As you open the hive, recollections appear of the last time you were here.  Maybe the top box is filled with capped honey, when last time is was just beginning to be filled.  Moving deeper, one can see where the new brood is being laid by the queen, and the old cells, the ones that were young last time you were there, are turning gray and crinkly, with new life ready to emerge.  The weather changes of the last few weeks go through your head, as well as those nearly unconscious observations of what’s blooming in the field.  All of these things begin to take shape in the mind and you try to understand the life of your bees.  How are they?  What’s going on?  How can I be of assistance to make their lives fuller?  Sometimes you get it right, and sometimes you don’t.  But each time you grow a little closer to the bees, and they repay you kindly with stings for your transgressions.
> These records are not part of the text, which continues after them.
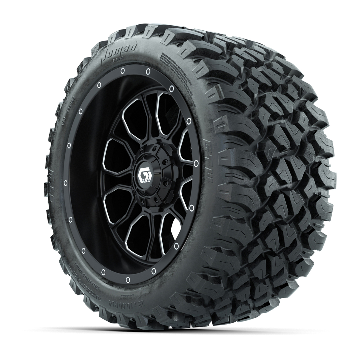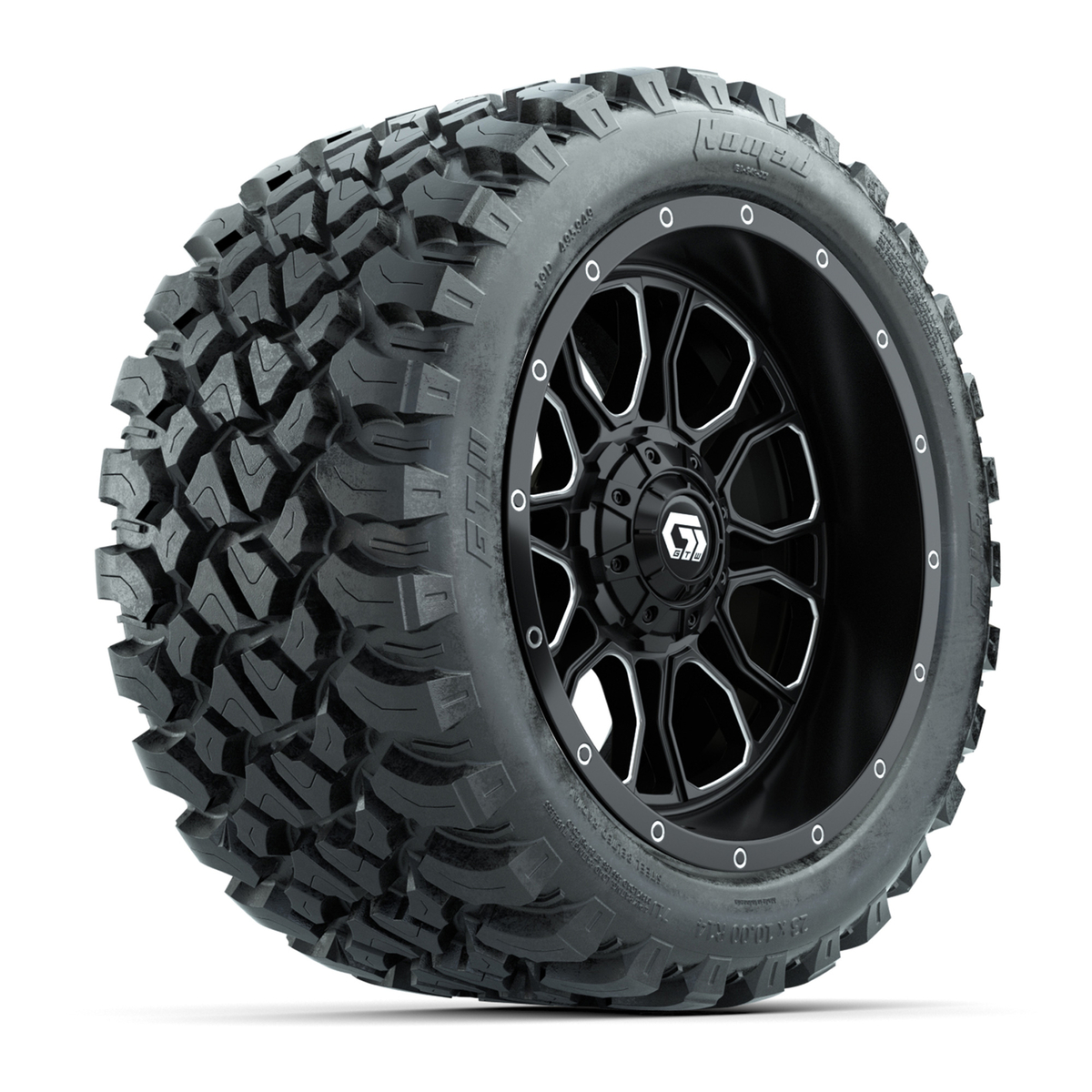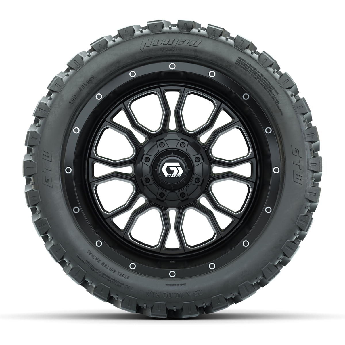 A set of (4) 14-inch GTW® Volt machined face with black golf cart wheels on 23x10-R14 GTW® Nomad All-Terrain Tires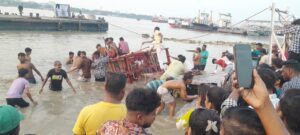 কলকাতার বাবুঘাটে চলছে, জাগ্রত চামুন্ডা কালী সহ অন্যান্য কালী প্রতিমার বিসর্জন।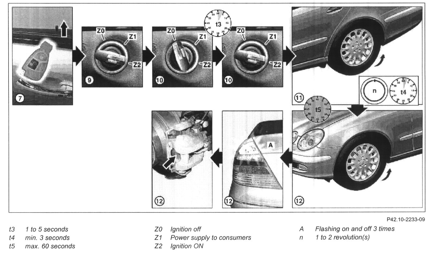 10 Ignition Off (Z0), wait for 1 to 5 seconds t2 and switch ignition On again (Z2)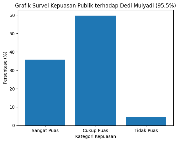Grafik Batang Survei Kepuasan Publik Visualisasi menunjukkan dominasi kategori Cukup Puas dan Sangat Puas, memperkuat fenomena langka tingkat kepuasan 95,5% terhadap kinerja Dedi Mulyadi.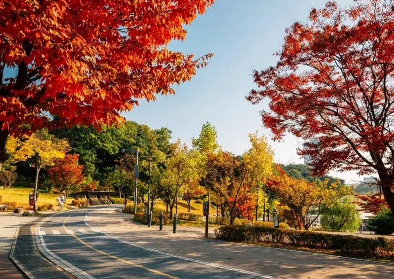 Quả thực, Công viên Hồ Gwanggyo là một nơi tuyệt đẹp để đi dạo thư giãn giữa thiên nhiên trong lành. Những tán lá mùa thu ở đây sẽ phù hộ cho đôi mắt của bạn. Hơn nữa, công viên còn nổi bật với cảnh đêm tuyệt đẹp và bầu không khí lãng mạn khi khu vực này được chiếu sáng với nhiều màu sắc khác nhau vào ban đêm.

When a hive dies, it is particularly hard.  You aren’t given the opportunity to make amends.  They are gone.  No more looking forward to the dandelion bloom, or a Big Leaf Maple with its drooping blossoms filled with bees.  Those families of bees, their genetic strengths and weaknesses, all of that which wished to develop through future descendants, are gone.  Aristaeus, son of Apollo and the nymph Cyrene, brought the gift of bees down from the mountain for humankind, and I was not prepared for the responsibility.

You can only begin again.  Thankfully, new families of bees will be available soon, and maybe some will take kindly to us.  And maybe I will have learned just enough of helping sustain life to make here their home.